+++ Data listing +++
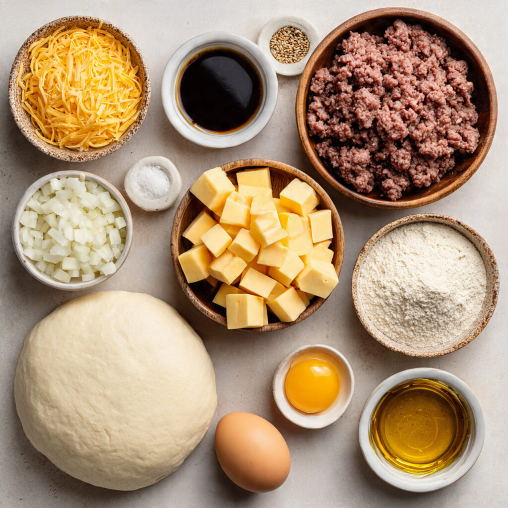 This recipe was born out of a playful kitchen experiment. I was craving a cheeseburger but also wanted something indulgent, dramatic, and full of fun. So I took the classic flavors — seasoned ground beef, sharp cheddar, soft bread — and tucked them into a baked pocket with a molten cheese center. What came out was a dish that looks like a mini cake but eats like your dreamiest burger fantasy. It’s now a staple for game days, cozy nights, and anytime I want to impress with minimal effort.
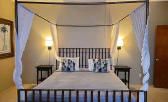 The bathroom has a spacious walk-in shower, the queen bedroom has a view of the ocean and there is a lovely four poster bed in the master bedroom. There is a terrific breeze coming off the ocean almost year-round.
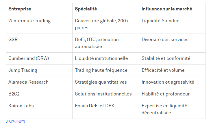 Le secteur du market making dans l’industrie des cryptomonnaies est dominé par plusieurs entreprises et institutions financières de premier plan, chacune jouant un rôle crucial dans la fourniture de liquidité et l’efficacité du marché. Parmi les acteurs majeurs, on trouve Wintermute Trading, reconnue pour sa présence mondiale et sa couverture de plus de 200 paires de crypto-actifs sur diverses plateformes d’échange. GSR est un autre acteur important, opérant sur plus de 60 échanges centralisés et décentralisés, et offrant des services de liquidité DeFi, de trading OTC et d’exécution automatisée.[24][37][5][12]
+++
+++ Data listing +++
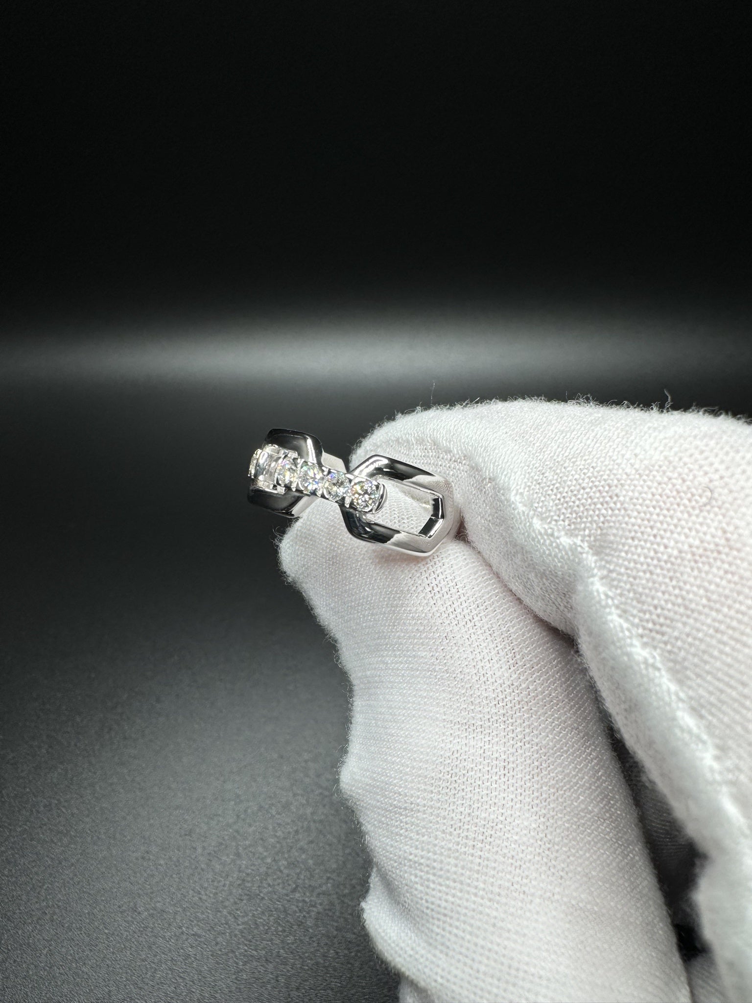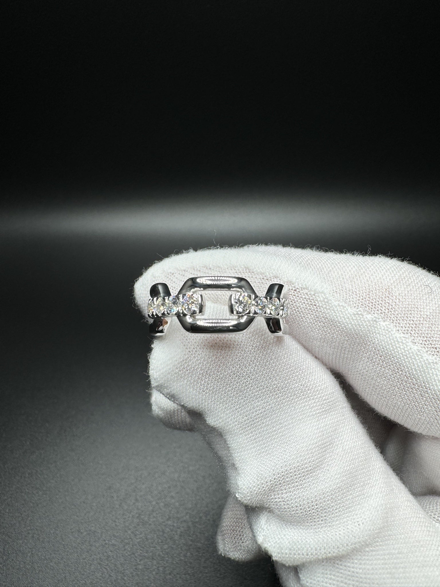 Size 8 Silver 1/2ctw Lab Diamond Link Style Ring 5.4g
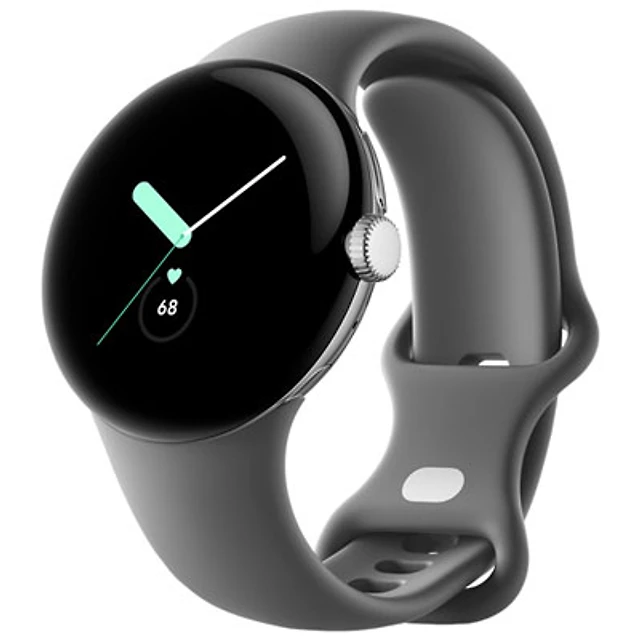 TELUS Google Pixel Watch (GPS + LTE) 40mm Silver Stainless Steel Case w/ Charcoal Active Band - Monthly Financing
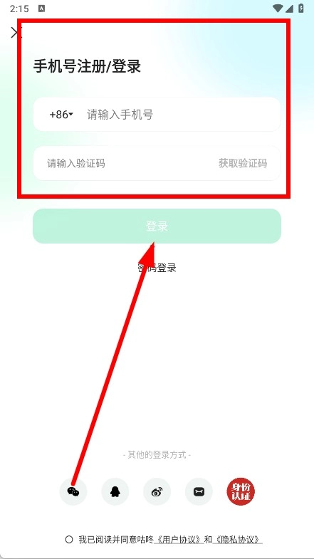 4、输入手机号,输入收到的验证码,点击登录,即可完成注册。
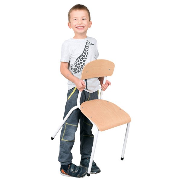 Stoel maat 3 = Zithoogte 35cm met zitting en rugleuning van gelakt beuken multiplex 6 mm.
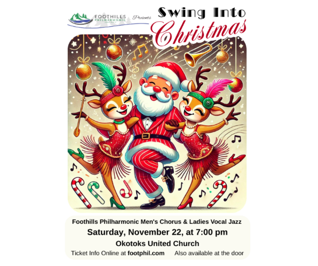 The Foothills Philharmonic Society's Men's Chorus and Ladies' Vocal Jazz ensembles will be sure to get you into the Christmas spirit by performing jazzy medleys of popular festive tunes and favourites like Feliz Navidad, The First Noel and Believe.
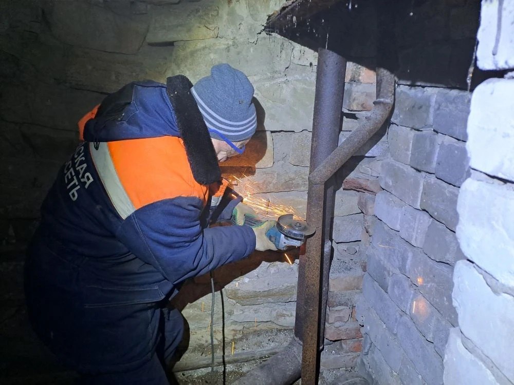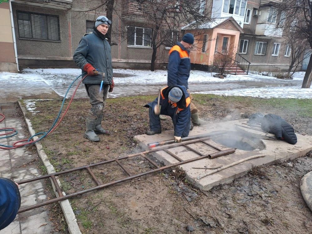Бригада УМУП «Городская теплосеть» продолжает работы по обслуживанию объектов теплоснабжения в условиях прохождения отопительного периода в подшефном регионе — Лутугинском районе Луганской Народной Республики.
+++
About this task:
Would you copy, word for word, only the lines above from the one containing "The bathroom has" through the one containing "Le secteur du", both included, and please leave out the pictures?

Result for this task:
 The bathroom has a spacious walk-in shower, the queen bedroom has a view of the ocean and there is a lovely four poster bed in the master bedroom. There is a terrific breeze coming off the ocean almost year-round.
 Le secteur du market making dans l’industrie des cryptomonnaies est dominé par plusieurs entreprises et institutions financières de premier plan, chacune jouant un rôle crucial dans la fourniture de liquidité et l’efficacité du marché. Parmi les acteurs majeurs, on trouve Wintermute Trading, reconnue pour sa présence mondiale et sa couverture de plus de 200 paires de crypto-actifs sur diverses plateformes d’échange. GSR est un autre acteur important, opérant sur plus de 60 échanges centralisés et décentralisés, et offrant des services de liquidité DeFi, de trading OTC et d’exécution automatisée.[24][37][5][12]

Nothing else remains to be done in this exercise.